▽

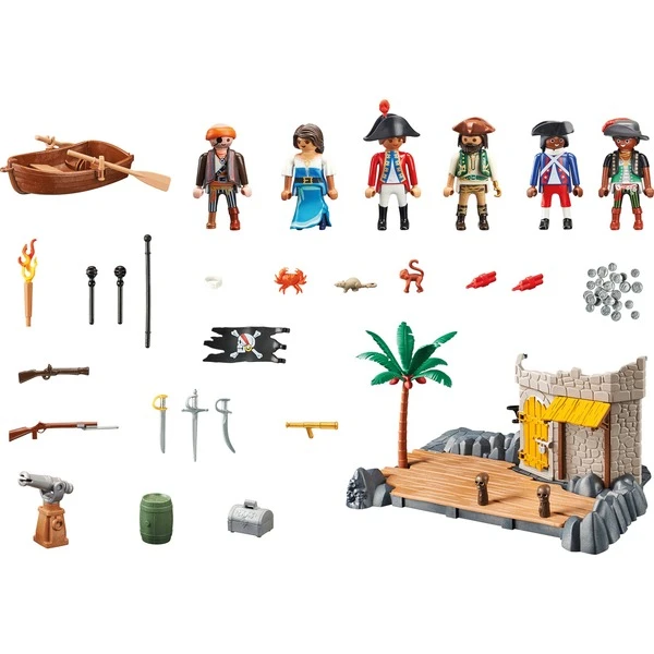 Mit den neuartigen My Figures von PLAYMOBIL können Kinder jetzt eine PLAYMOBIL-Welt ganz nach ihren Vorstellungen erschaffen, ihre Kreativität entfalten und dabei ihre individuelle Persönlichkeit entwickeln. Jedes My Figures Spielset enthält neben einer Spielszenerie mit Accessoires eine Tüte mit sechs Figuren in Einzelteilen, welche immer wieder neu zusammengestellt werden können. Arme, Beine, Körper und Accessoires sind im Nu getauscht und ergeben Spielfiguren, die so bunt sind wie das Leben. Durch die vielseitigen Kombinationsmöglichkeiten mit über 1000 Figurenkonstellationen fördern PLAYMOBIL My Figures ganz spielerisch Kreativität, Feinmotorik, Entdeckergeist und Persönlichkeitsentwicklung. Mit My Figures können Kinder ihre Spielwelt so gestalten, wie sie sie sehen und erleben, unabhängig von Stereotypen und Hautfarben. Mit dem My Figures Set Island of the Pirates ist aufregender Spielspaß rund um die PLAYMOBIL-Freibeuter vorprogrammiert. Die Rotröcke haben nicht vor, ihre Bastion kampflos aufzugeben, doch die grimmigen Piraten verfolgen ganz eigene Pläne. Wer wird sich wohl am Ende durchsetzen? Auf geht’s ins spannende Piratenabenteuer.Art.-Nr.: 1864491
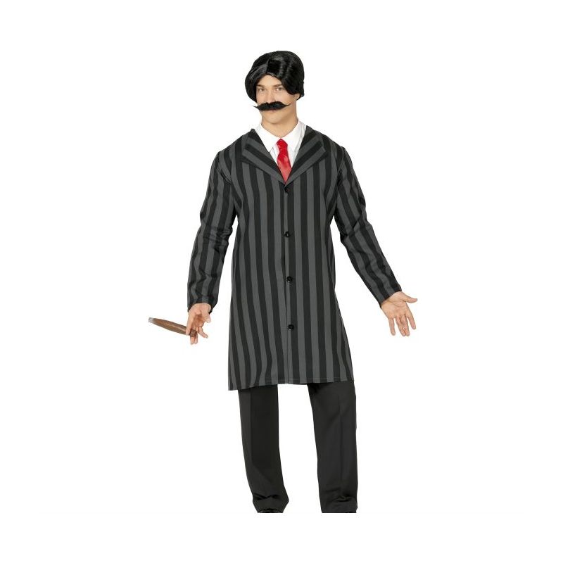 Disfraz de Halloween para hombre ideal para disfrazarse del padre de Miércoles y esposo de Morticia Adams compuesto por chaqueta larga de rayas, camisa y corbata roja. Disponible en tallas M y L.
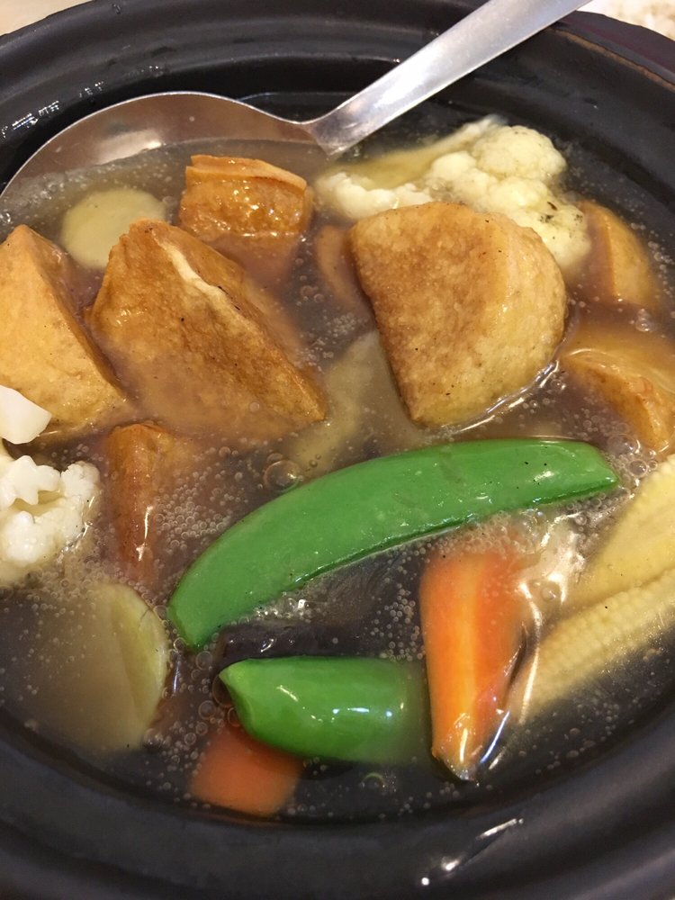 tofu cooked in a claypot with a savory sauce and various vegetables

△

**WORK ORDER**:
All lines from the line with "Disfraz de Halloween" through the final line of the data, both included, are to be repeated exactly; no other lines and no pictures.

**YOUR RESPONSE**:
 Disfraz de Halloween para hombre ideal para disfrazarse del padre de Miércoles y esposo de Morticia Adams compuesto por chaqueta larga de rayas, camisa y corbata roja. Disponible en tallas M y L.
 tofu cooked in a claypot with a savory sauce and various vegetables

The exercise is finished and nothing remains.